* Action item
Output exactly the lines that run from the start of the records to the line with "我的库存管理软件,在拆卸单中", counting both ends, and skip the pictures.

* Items listed in a dataset
=== Section Start ===

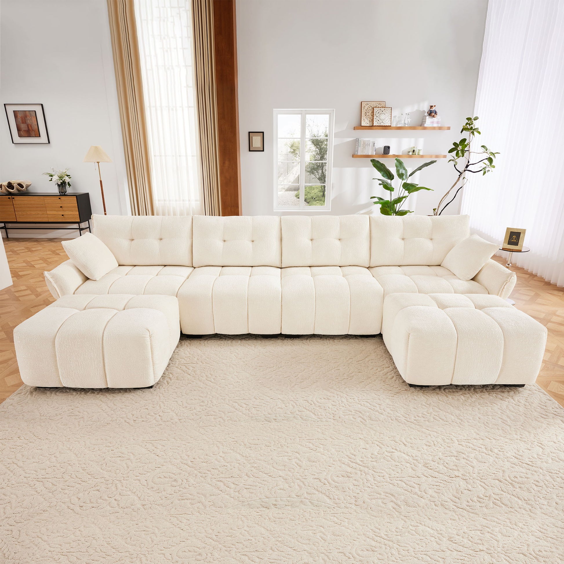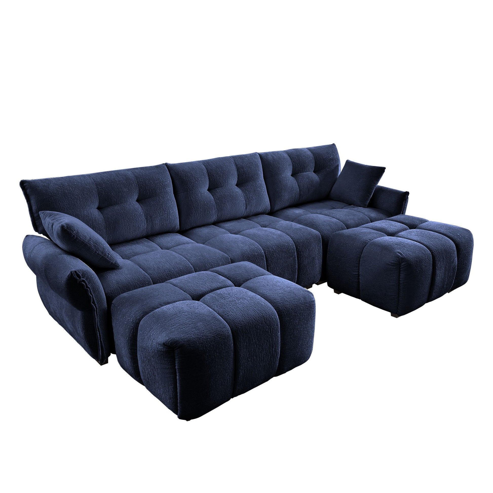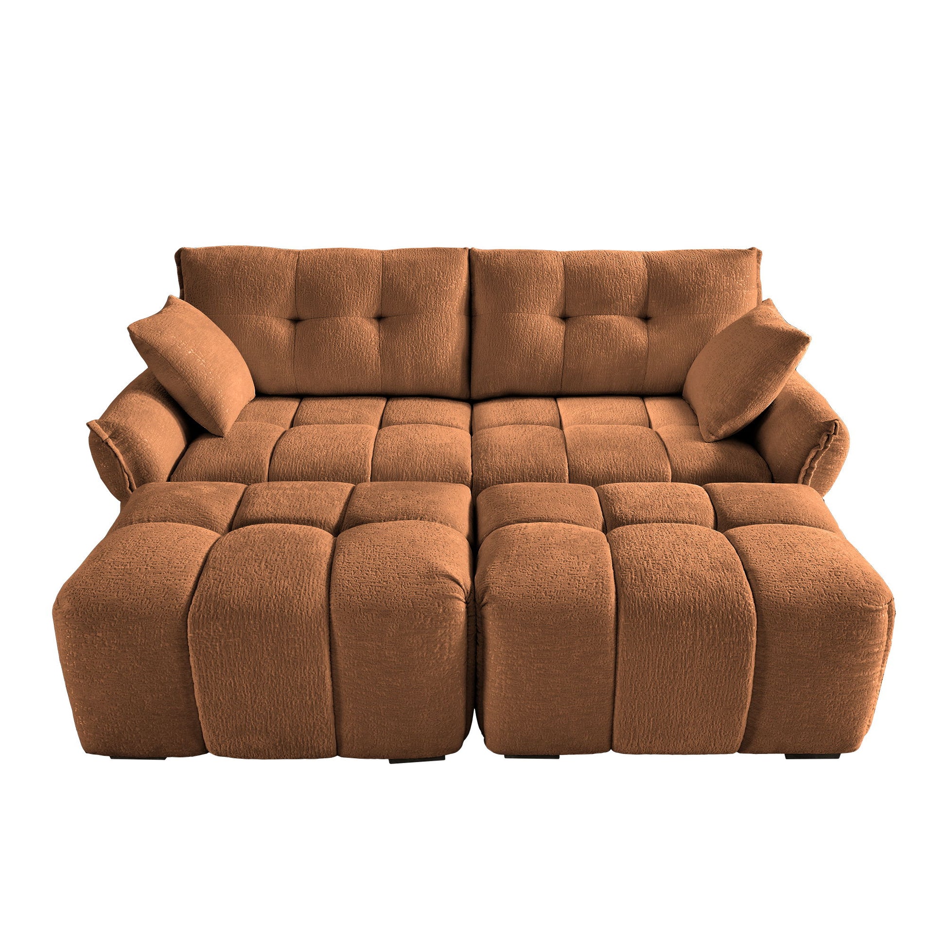 Sofa Set With Ottoman And Pillows, Textured, High Resilience Cushions
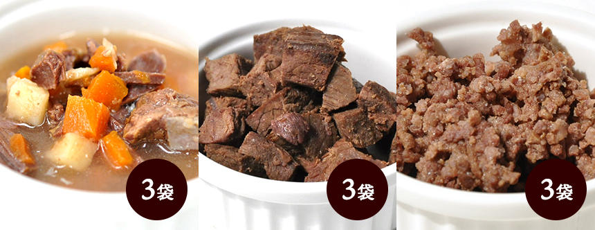 牛や豚などの肉と比べても高タンパク、低脂肪、低カロリーで栄養価が高い鹿肉の中から、 ミンチ・ポトフ・ダイスカット3種の鹿肉レトルトを詰め合わせました。
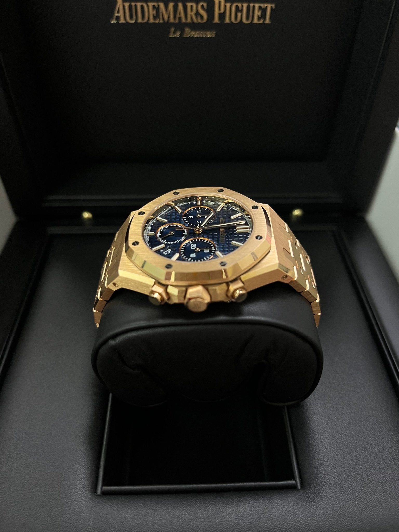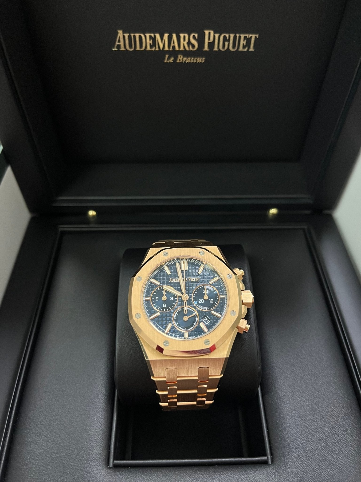 This 38 mm Chronograph is endowed with the new Royal Oak design evolution. The pink gold case and bracelet are contrasted with a “Grande Tapisserie” dial adorning the iconic Bleu Nuit, Nuage 50 hue. “Bleu nuit nuage 50” dial with “Grande Tapisserie” pattern, “Bleu nuit nuage 50” counters, pink gold applied hour-markers and Royal Oak hands with luminescent coating.
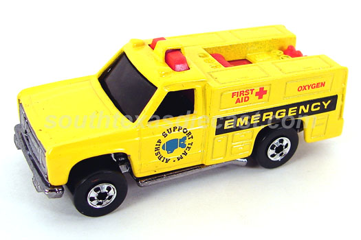 Yellow, w/Red stripes, 'Rescue', 'Paramedic', & 'Unit 3' on sides, Black interior, Chrome Malaysia Base, w/SB's
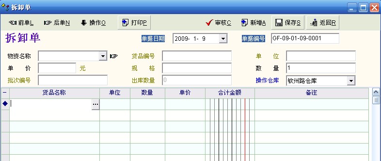 我的库存管理软件,在拆卸单中,无法输入物资名称,在我的产品资料中已经输入产品资料,怎么无法显示?如图
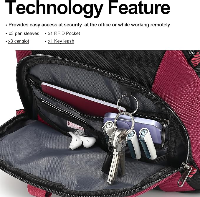 - Effortless Packing & Ample Storage: Packing has never been easier. Five exterior pockets provide quick access, while the spacious main compartment holds up to 5 or 7 days' worth of clothes. Your laptop stays safe in the padded compartment, and thoughtful details like pen sleeves, card slots, a key leash, RFID pocket, and hidden security pocket keep you organized and worry-free
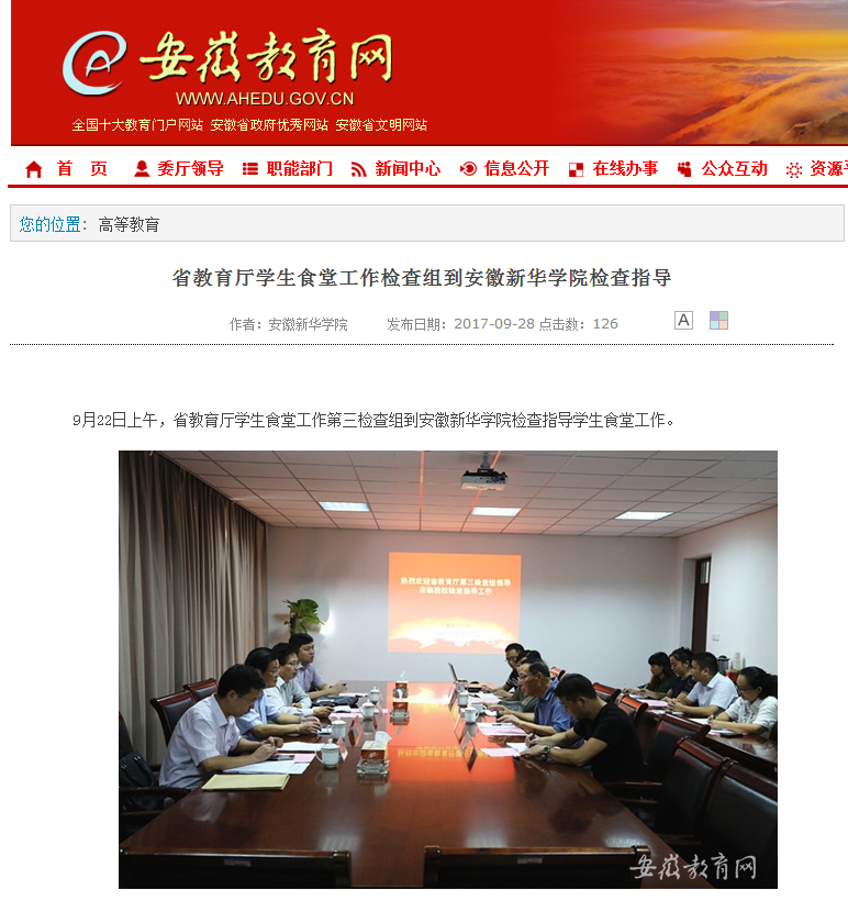 安徽教育网:省教育厅学生食堂工作检查组到安徽新华学院检查指导
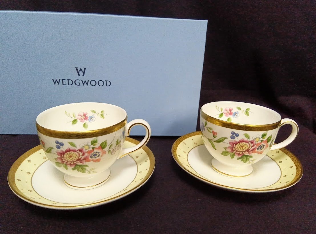 > 未使用!ウェッジウッド☆Grace グレイス ペア カップ&ソーサー 2客 WEDGWOOD ボーンチャイナ 珈琲紅茶兼用 花柄 金彩 碗皿 美品 箱有
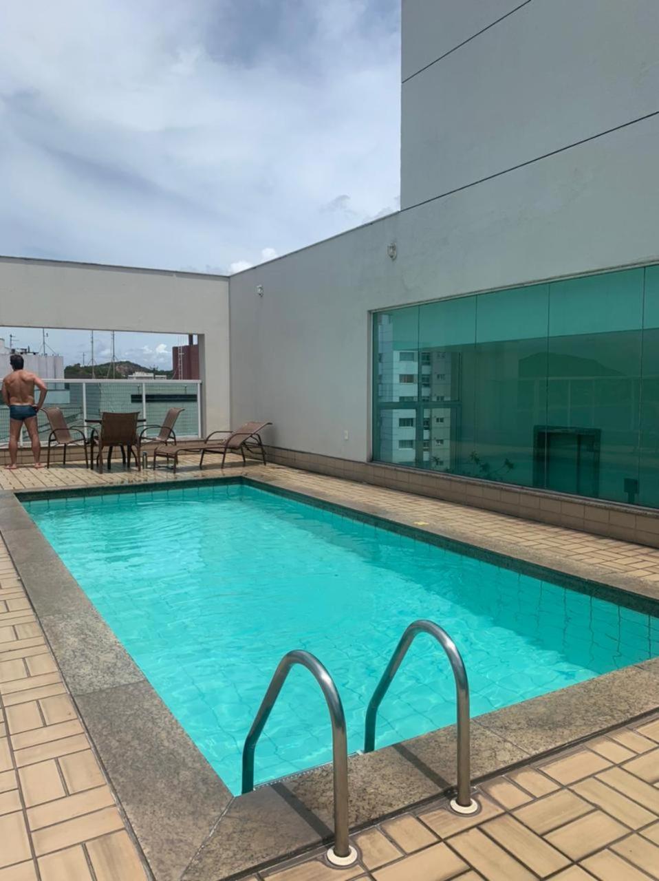 Enjoy a relaxing swim with stunning views at the rooftop pool of Flat IATE CLUBE Home Experience Praia do Canto. The perfect spot to unwind and soak up the sun.

=== Section End ===

* Result
 Sofa Set With Ottoman And Pillows, Textured, High Resilience Cushions
 牛や豚などの肉と比べても高タンパク、低脂肪、低カロリーで栄養価が高い鹿肉の中から、 ミンチ・ポトフ・ダイスカット3種の鹿肉レトルトを詰め合わせました。
 This 38 mm Chronograph is endowed with the new Royal Oak design evolution. The pink gold case and bracelet are contrasted with a “Grande Tapisserie” dial adorning the iconic Bleu Nuit, Nuage 50 hue. “Bleu nuit nuage 50” dial with “Grande Tapisserie” pattern, “Bleu nuit nuage 50” counters, pink gold applied hour-markers and Royal Oak hands with luminescent coating.
 Yellow, w/Red stripes, 'Rescue', 'Paramedic', & 'Unit 3' on sides, Black interior, Chrome Malaysia Base, w/SB's
 我的库存管理软件,在拆卸单中,无法输入物资名称,在我的产品资料中已经输入产品资料,怎么无法显示?如图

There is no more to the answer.